### YOUR OBJECTIVE
In the records below, the relevant part opens with the line containing "DRZEWO ABSTRAKCJA - pejzaż" and closes with the line containing "Ubiquiti Cloud Gateway"; print that part exactly and only, without its pictures.

### DATA LISTING
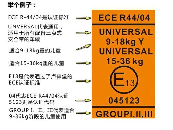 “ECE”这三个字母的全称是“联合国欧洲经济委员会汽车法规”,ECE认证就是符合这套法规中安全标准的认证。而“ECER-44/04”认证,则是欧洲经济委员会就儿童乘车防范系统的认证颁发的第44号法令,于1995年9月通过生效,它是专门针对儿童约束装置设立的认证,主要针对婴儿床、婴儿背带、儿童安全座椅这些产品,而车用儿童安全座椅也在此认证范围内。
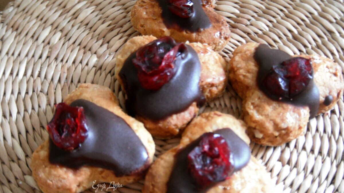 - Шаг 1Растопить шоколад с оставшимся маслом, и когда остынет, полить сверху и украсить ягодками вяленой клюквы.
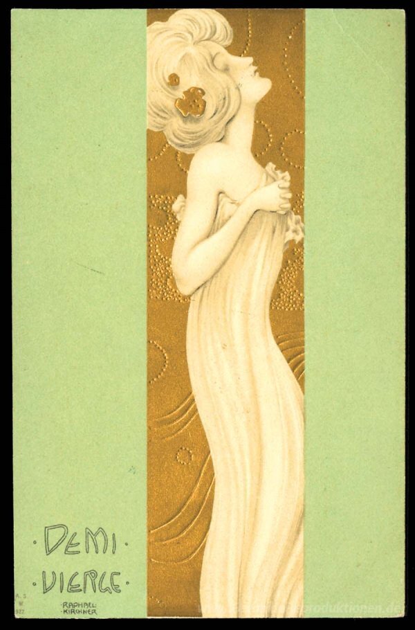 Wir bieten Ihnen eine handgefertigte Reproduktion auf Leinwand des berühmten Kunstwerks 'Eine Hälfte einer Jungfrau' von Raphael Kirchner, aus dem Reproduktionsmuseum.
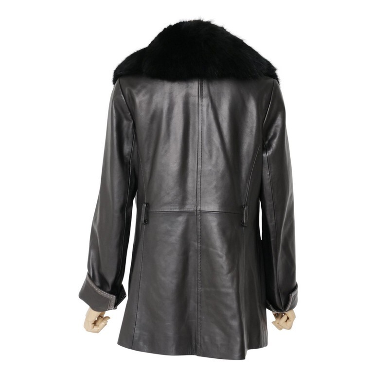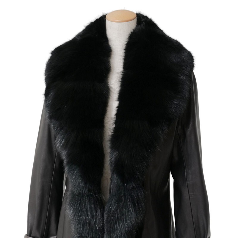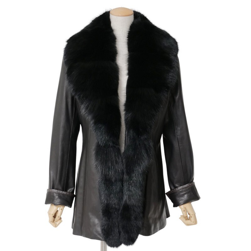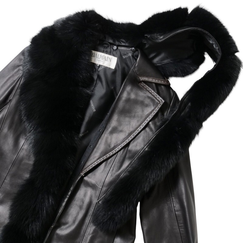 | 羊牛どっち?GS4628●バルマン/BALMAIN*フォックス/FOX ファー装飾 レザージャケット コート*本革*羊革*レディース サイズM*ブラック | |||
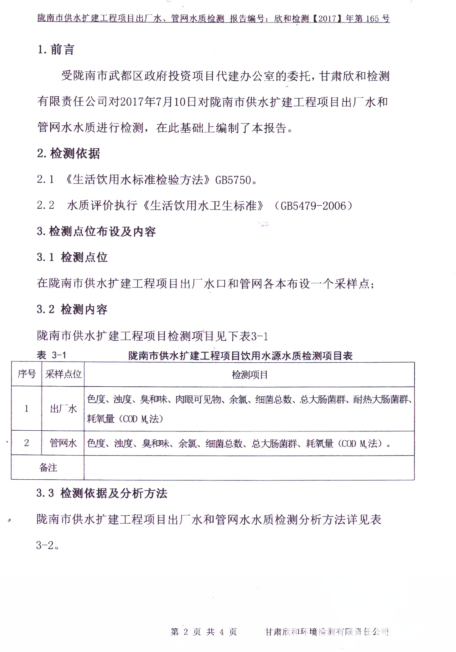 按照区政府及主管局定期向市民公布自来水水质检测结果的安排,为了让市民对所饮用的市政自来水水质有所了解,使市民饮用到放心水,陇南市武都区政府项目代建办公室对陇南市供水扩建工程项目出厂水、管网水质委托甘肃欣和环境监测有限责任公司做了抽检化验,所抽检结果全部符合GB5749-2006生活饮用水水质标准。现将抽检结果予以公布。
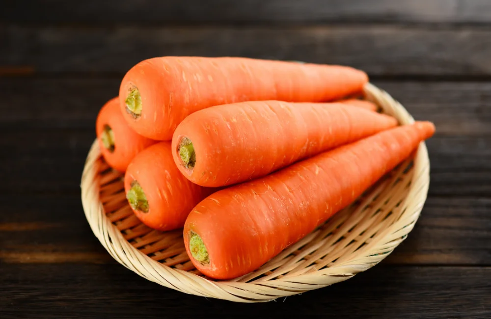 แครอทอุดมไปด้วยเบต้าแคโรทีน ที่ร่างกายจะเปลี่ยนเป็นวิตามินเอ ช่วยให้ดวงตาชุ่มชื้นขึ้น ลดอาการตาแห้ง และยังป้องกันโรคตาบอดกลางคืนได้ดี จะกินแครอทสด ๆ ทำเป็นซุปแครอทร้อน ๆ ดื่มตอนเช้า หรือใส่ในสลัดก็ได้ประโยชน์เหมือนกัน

...

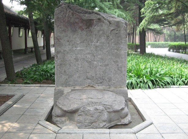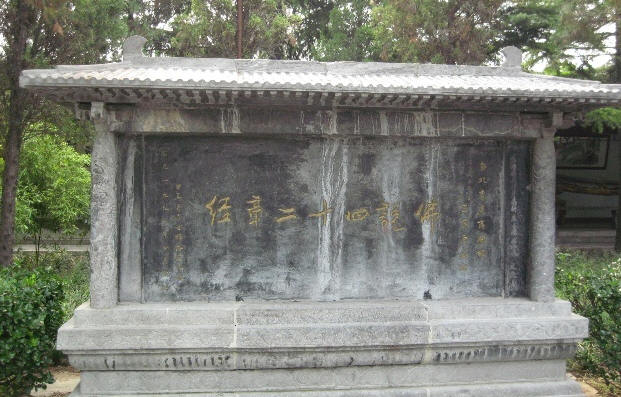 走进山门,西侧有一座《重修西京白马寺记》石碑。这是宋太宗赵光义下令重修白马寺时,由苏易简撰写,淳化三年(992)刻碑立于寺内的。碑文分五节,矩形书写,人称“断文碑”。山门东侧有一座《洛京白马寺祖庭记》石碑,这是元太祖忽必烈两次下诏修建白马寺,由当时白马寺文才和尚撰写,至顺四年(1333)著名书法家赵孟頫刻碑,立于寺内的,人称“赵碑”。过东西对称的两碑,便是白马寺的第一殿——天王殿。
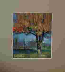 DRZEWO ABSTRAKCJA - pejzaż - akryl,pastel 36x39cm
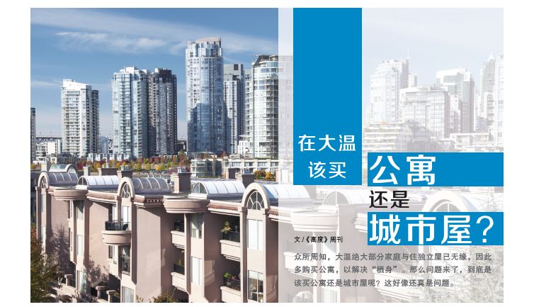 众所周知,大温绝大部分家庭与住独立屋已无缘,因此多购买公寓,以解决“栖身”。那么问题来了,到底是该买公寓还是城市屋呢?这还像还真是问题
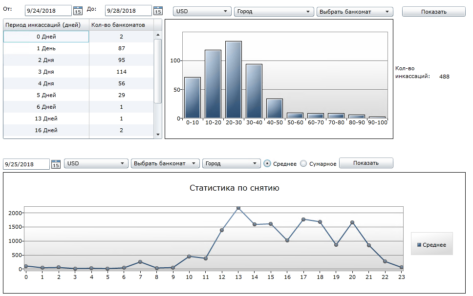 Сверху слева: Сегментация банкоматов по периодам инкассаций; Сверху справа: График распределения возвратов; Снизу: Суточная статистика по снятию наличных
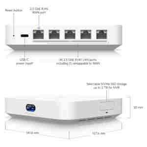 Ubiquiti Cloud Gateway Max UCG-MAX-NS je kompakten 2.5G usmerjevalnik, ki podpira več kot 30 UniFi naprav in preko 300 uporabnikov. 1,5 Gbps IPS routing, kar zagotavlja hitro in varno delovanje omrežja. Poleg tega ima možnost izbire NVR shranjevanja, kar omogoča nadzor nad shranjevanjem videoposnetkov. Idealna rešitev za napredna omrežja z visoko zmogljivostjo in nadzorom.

### RESPONSE FOR THIS EXERCISE
 DRZEWO ABSTRAKCJA - pejzaż - akryl,pastel 36x39cm
 众所周知,大温绝大部分家庭与住独立屋已无缘,因此多购买公寓,以解决“栖身”。那么问题来了,到底是该买公寓还是城市屋呢?这还像还真是问题
 Сверху слева: Сегментация банкоматов по периодам инкассаций; Сверху справа: График распределения возвратов; Снизу: Суточная статистика по снятию наличных
 Ubiquiti Cloud Gateway Max UCG-MAX-NS je kompakten 2.5G usmerjevalnik, ki podpira več kot 30 UniFi naprav in preko 300 uporabnikov. 1,5 Gbps IPS routing, kar zagotavlja hitro in varno delovanje omrežja. Poleg tega ima možnost izbire NVR shranjevanja, kar omogoča nadzor nad shranjevanjem videoposnetkov. Idealna rešitev za napredna omrežja z visoko zmogljivostjo in nadzorom.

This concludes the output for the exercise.